The relatively long monopolar pulses used in NK-IRE induce intense muscle stimulation,25–27 requiring intraoperative paralytics. 28 However, break-through contractions can still occur at the high-voltage settings. 29 The risk of cardiac stimulation also requires NK-IRE pulses to be delivered during the absolute refractory period of the heart to avoid potentially life-threatening cardiac complications.14,15,30 Because of this stimulation, a simplified single applicator and grounding pad approach is contraindicated. Instead, energy is delivered via pairs of electrodes which must be precisely placed in parallel.7,31
Electronics limitations with the NK-IRE system (3000 V, 50 A maximum) restrict ablation zone sizes produced in a single treatment. 32 Applicators cannot be separated more than approximately 1.5–2.0 cm without deteriorating the electric field needed to induce cell death, requiring more applicators for larger tumors. 32 Clinicians therefore use a “treat-and-retract” approach wherein two to six electrodes are placed around the tumor.23,32,33 Treatments are then delivered between all electrode pairs to treat a small segment of the tumor.32,33 The probes are then incrementally retracted and treatment repeated to ensure complete tumor coverage.23,32,33 Treatment of a 3 cm tumor with NK-IRE typically requires the placement of four applicators at the tumor margins and have a mean IRE pulse delivery time of 35 minutes. 23
High-frequency IRE (H-FIRE) reduces muscle stimulation25,34 by delivering rapid bursts of ultrashort (250–2000 ns), bipolar pulses,35–39 enabling a single applicator and grounding pad approach.35,40–42 However, clinical H-FIRE systems (e.g., Aliya Pulsed Electric Field (PEF) System, Galvanize Therapeutics) are still limited to 3000 V and require cardiac synchronization, 43 resulting in relatively small treatment zones43,44 requiring over 2 hours of pulse delivery to treat a 3 cm tumor. 43 Additionally, poor intraprocedural ablation visibility makes it difficult to ensure treatments will overlap sufficiently, leading to incomplete tumor coverage. This limits its use to cases in which all other options are contraindicated. 43
Integrated nanosecond pulse irreversible electroporation (INSPIRE) is a next-generation approach which aims to reduce treatment complexity, decrease treatment times, and increase treatment volumes while maintaining a high safety profile.
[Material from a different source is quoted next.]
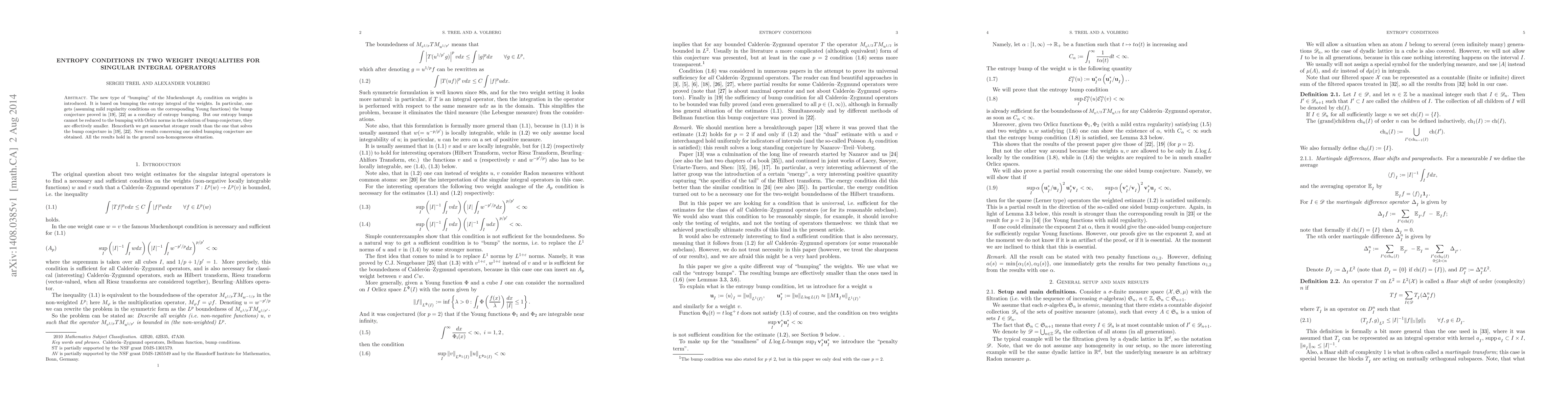 The new type of "bumping" of the Muckenhoupt $A_2$ condition on weights is introduced. It is based on bumping the entropy integral of the weights. In particular, one gets (assuming mild regularity conditions on the corresponding Young functions) the bump conjecture, proved earlier by A. Lerner and independently by Nazarov--Reznikov--Treil--Volberg, as a corollary of entropy bumping. But our entropy bumps cannot be reduced to the bumping with Orlicz norms in the solution of bump conjecture, they are effectively smaller. Henceforth we get somewhat stronger result than the one that solves the bump conjecture. New results concerning one sided bumping conjecture are obtained. All the results hold in the general non-homogeneous situation.

INSPIRE continuously delivers an ultrashort bipolar waveform45–50 throughout the cardiac cycle via a single applicator and grounding pad approach.35,40,42,50 Significant reductions in muscle stimulation with this waveform enable the use of greater voltages and production of larger treatment zones than possible with a single NK-IRE treatment49,51,52 and H-FIRE35,53 treatments. As higher voltages introduce additional Joule heating, INSPIRE implements active temperature control to dynamically adjust the rate at which pulses are delivered (Fig. 1B) to achieve and maintain a target tissue temperature, preventing thermal damage.48,49 This is supplemented with active applicator cooling to enable faster rates of energy delivery. 52 This study sought to evaluate and characterize in vivo outcomes of INSPIRE at voltages beyond the capabilities of current clinical NK-IRE and H-FIRE systems.
Methods
Large-animal liver ablations
All studies were conducted under an approved IACUC protocol (23–181) at the NCSU College of Veterinary Medicine. Healthy YorkX swine (Palladium BioLabs, North Carolina, USA) were fasted for 12 h, premedicated with a Fentanyl patch (50–100 mcg/h) and sedated under general anesthesia using 0.022–0.044 mL/kg TKX (50 mg/mL each of tiletamine, zolazepam, ketamine xylazine) solution. Animals were maintained with 1%–3% isoflurane inhalation in an operating suite. Neuromuscular stimulation was managed with a 1–1.5 mg/kg IV induction dose of Rocuronium and a continuous rate infusion of 0.1–0.6 mg/kg. Follow-up boluses of 0.75 mg/kg were administered between treatments as necessary to maintain a 0 of 4 twitch score on a neuromuscular transmission monitor (Stimpod NMS450X, Xavant Technology, Pretoria, South Africa). Vital signs including heart rate, respiration, and rectal temperature were monitored every 5 minutes. Blood samples were drawn prior to treatment initiation, following treatment, but prior to recovering the animal and prior to euthanasia. Complete blood counts (CBCs) and troponin levels, a measure of cardiac safety, were completed for all blood samples.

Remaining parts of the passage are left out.